I swallowed and ground my teeth. Why should he get to hear what happened? He didn’t care. All the same, he was my father. In the end he drew it out of me like he drew the nicotine out of the little stick he was sucking in some seedy bar somewhere after his meatpacking shift.
“Well, Dad, a guy called Bill was picking on me at school. He hit me, but then…” For a moment I considered telling him what had really happened. But no, he of all people was the least likely even to listen closely enough to understand what I was saying, let alone believe me. “...he got hurt. That’s why I’m in trouble. School sent me home.”
“Well done, Gonzalo!” Now there was surprise in my father’s voice. I couldn’t remember the last time he had said ‘well done’ to me, or if he had ever said it to me, so it hurt all the more that he was saying it in praise of something I hadn’t actually done.
“No,” I said, “you don’t understand Dad, I didn’t hit him back.”
“Que? Why not? How did he get hurt then?”
“Because I’m not like that, Dad.” What should I say to him? What would he believe? “It was an accident. He...he missed me with his punch and hurt his hand on a locker.”
“Gonzalo.” His tone had completely changed. Now it was something more like mocking disapproval. “If somebody punch you, even if they miss, you punch them back, son. You are weak, boy.”
And there it was. The word sent a jolt of electricity down my spine. Not exciting, enjoyable electricity, like the kind when you win a match at a videogames tournament or when you see Ali Carter walk into your Physics class for the first time—more like the cold, unexpected stab you get when you accidentally touch a live socket that hasn’t been earthed properly, the kind that leaves you aching and numb.
“You hear me, Gonzalo? You are weak to not fight back. Somebody hit you again, you hit them back, understand?”
I was watching myself have the conversation with my father now.
“Yes, Dad,” I said obediently.
“Bueno. Now, you look after your mother. I do not want any more ‘hysterical’ phone calls, si?”
“Yes, Dad.”
“Bueno. Oh, and you stay out of trouble at school. If someone hit you, you hit them back, but you do not let the teachers see you, OK?”
“Yes, Dad.”
“Bueno. Your grades are good?”
“Yeah Dad, they’re great. Straight ‘A’s in everything.”
“Muy bueno. You get your good grades, you go to your college, you live a better life than me or your Mama.”
He hung up. The line just went dead and after a few seconds the high-pitched empty default tone of the phone kicked in.
I stood there clutching the phone which I held out in front of me. Little cracks started to appear on the casing. In my chest, the hurt, the confusion, the stress all mixed up and began to swell until they met with something else bubbling up from my stomach: fury. The hurt and the fury collided, jostling for first place in my body, and for a moment—just a moment—the fury won.
I punched my bedroom wall with the phone still in my hand, right on my poster of the Incredible Hulk.
Wham!
Mom opened the door. She must have been standing just outside it listening the whole time. The door hit me on the back of my head and bounced off without hurting me at all, but Mom didn’t notice.
I turned and she opened her mouth to say something, but no words came out. Her mouth stayed open. She looked at the phone which lay shattered in hundreds of white and electronic pieces on the floor. She looked at the wall.
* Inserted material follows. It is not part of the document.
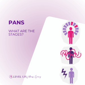 The stages of Pediatric Acute-onset Neuropsychiatric Syndrome (PANS) begin with a sudden onset of severe symptoms, followed by an escalation phase where new symptoms emerge. If left untreated, it can enter a chronic phase. With a correct diagnosis, the intervention and healing phase begins, leading to recovery, though relapse is possible.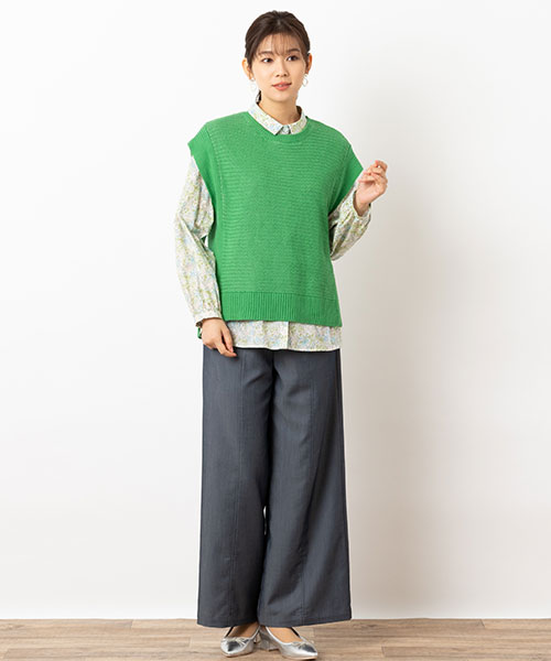 春にはニットベストやカーディガンとの重ね着がおすすめ。

The Incredible Hulk poster had torn in the middle, where his torso was, where I had hit it. And behind it, behind where the poster had ripped and some of it was hanging down limply, in the place where my hand had made impact with the white plaster wall, there was an undeniable, unfathomable, unanswerable hole.
It was like a small crater in the wall, of the kind that no normal person can make with their fist.
We stared.
“I think I might need to see a doctor,” I said.